▶ [RAW DATA]:

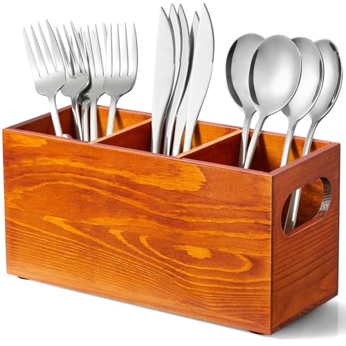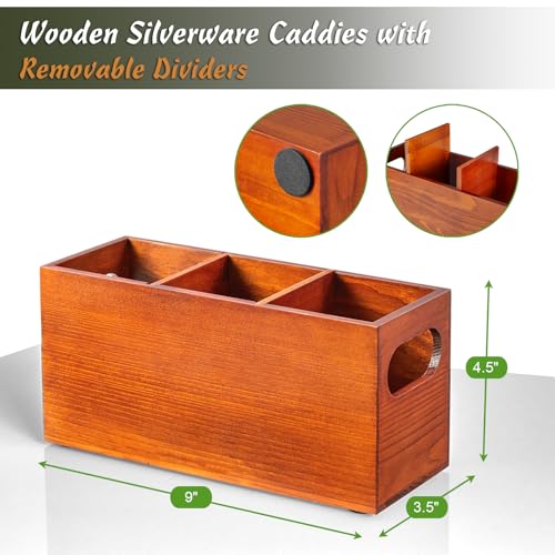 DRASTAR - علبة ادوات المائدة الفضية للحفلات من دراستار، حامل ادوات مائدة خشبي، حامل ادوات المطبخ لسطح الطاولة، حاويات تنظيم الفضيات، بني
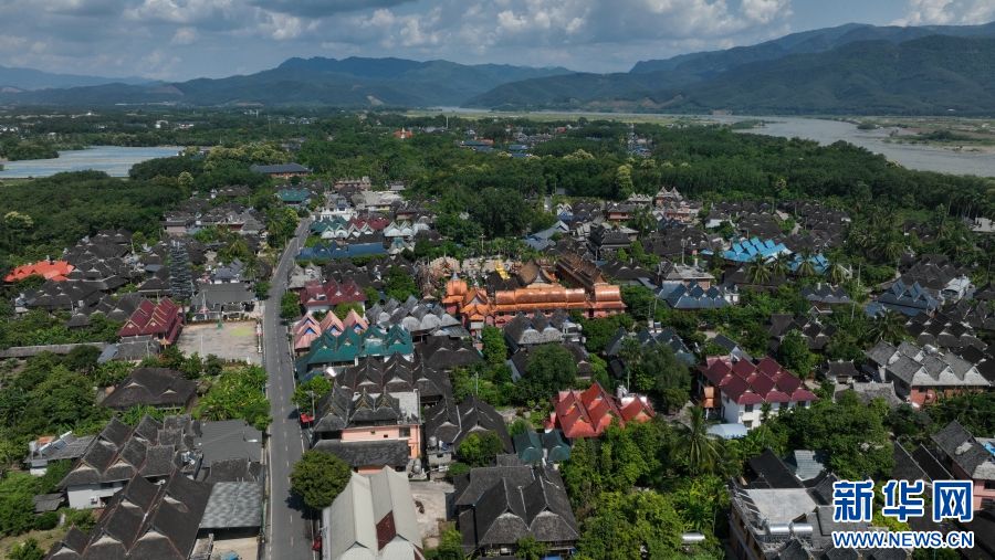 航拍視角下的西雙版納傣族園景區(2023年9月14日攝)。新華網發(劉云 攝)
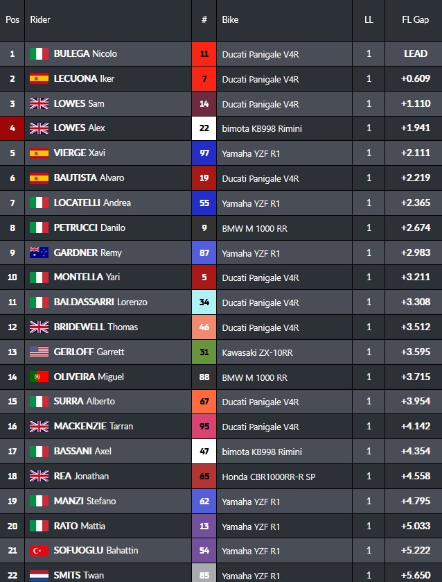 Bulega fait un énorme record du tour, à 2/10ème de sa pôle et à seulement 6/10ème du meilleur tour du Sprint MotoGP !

▶ [TASK BRIEF]: Begin at the line that contains "航拍視角下的西雙版納傣族園景區(2023年9月14日攝)。新華網發(劉云 攝)" and transcribe exactly, and only, each line through the final line of the data above, both included; the pictures do not go in.

▶ [THE ANSWER]:
 航拍視角下的西雙版納傣族園景區(2023年9月14日攝)。新華網發(劉云 攝)
 Bulega fait un énorme record du tour, à 2/10ème de sa pôle et à seulement 6/10ème du meilleur tour du Sprint MotoGP !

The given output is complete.